Objective: To investigate the clinicopathological features, diagnosis and differential diagnosis of pediatric myofibroma/myofibromatosis of the soft tissue and bone. Methods: All cases of pediatric myofibroma/myofibromatosis of the soft tissue and bone diagnosed between January 2011 and December 2018 were retrieved from the surgical pathology records in the Department of Pathology, Beijing Jishuitan Hospital, Beijing, China. Clinical and radiological data were collected. H&E and immunohistochemistry were used to examine histological and immunophenotypic features and to make the diagnosis and differential diagnosis. The relevant literature was also reviewed. Results: Twenty-eight cases of pediatric myofibroma/myofibromatosis of the soft tissue and bone were respectively collected. The patients' ages ranged from 2 months to 14 years, with a mean age of 7 years. There were 7 females and 21 males. There were 12 cases located in soft tissue, including the finger (n=9), upper arm (n=1) and foot (n=2). There were 14 cases located in the bone of limb, including the femur (n=8), tibia (n=4), clavicle (n=2), fibula (n=2) and radius (n=1). There were 2 cases of myofibromatosis involving multiple bones. Radiology showed lytic lesions in the bone. The proliferation of spindle-shaped myofibroblasts arranged in fascicles with indistinct eosinophilic cytoplasm and bland nuclei, with no pleomorphism and cytological atypia. The characteristic histologic structure was the biphasic nodular growth pattern with cellular and paucicellular regions.
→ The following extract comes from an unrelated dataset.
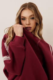 Найден рецепт хорошего настроения! Главные ингредиенты - супер комфортный свитшот от GO! Свитшот: два размера 42-44 и 46-48 горловина и манжеты из кашкорсе вышивка в цвет с левой стороны переда контрастный кружево от горловины до манжеты низ на регулируемой резинке Длина свитшота по спинке: 52 см для роста 170-176 Длина рукава от горловины: 71-73 см Полуобхват груди свитшота: 42-44 р- 66 см, 46-48р - 100 см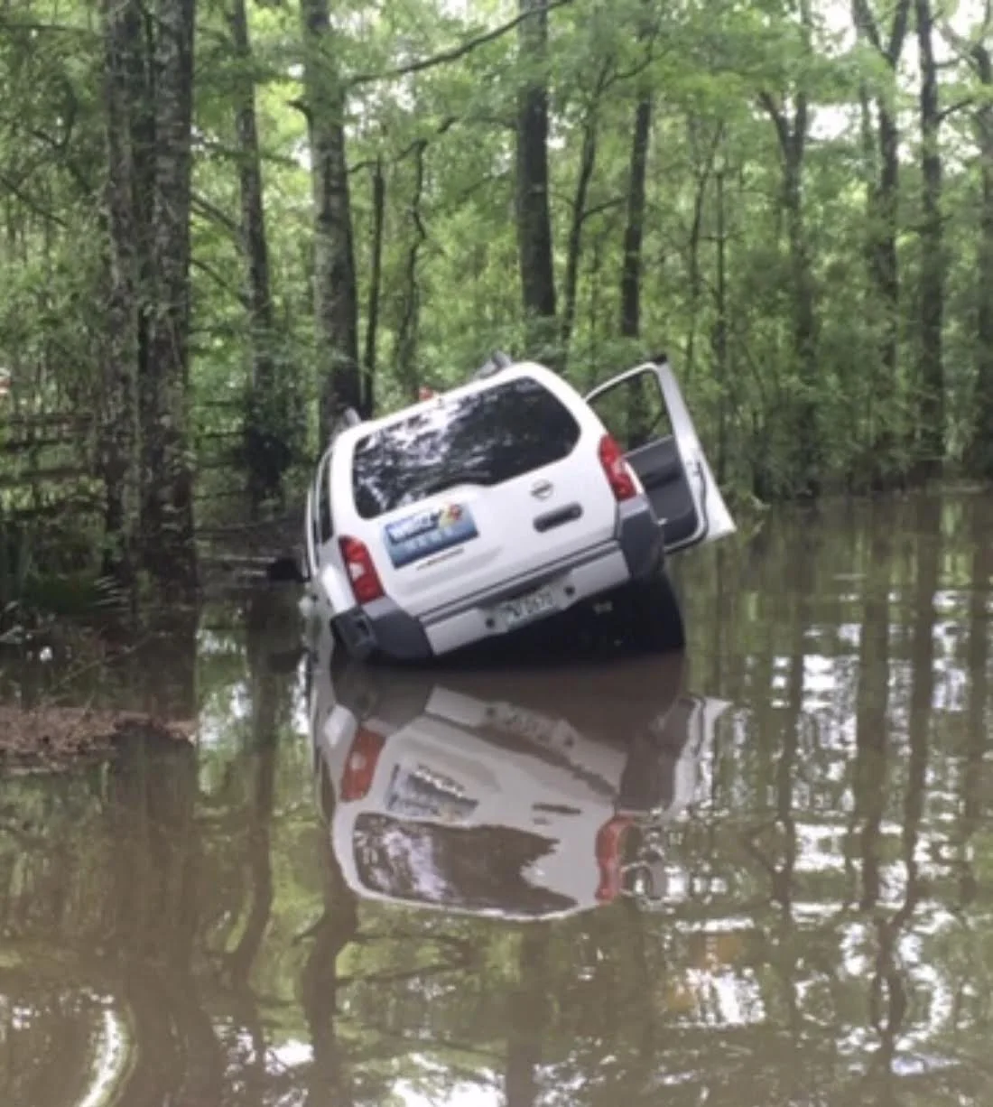 Here’s hoping that their driving skills have improved since Tropical Storm Imelda, when their news car was a bit wet.

The tumors might arrange in a hemangiopericytoma-like pattern. The stroma varied between dense fibrosis and myxoid changes. The reactive new bone formation and inflammatory cell infiltration also existed. Immunohistochemical study showed that the SMA was positive. The surgical resections were performed. One of the patients had tumor recurrence as a result of 11-month follow-up. Conclusions: The pediatric myofibroma/myofibromatosis of the soft tissue and bone is a very rare benign tumor and has a good prognosis. It has a characteristic morphology and its differential diagnosis from other spindle cell tumors could be made with the immunohistochemical analysis.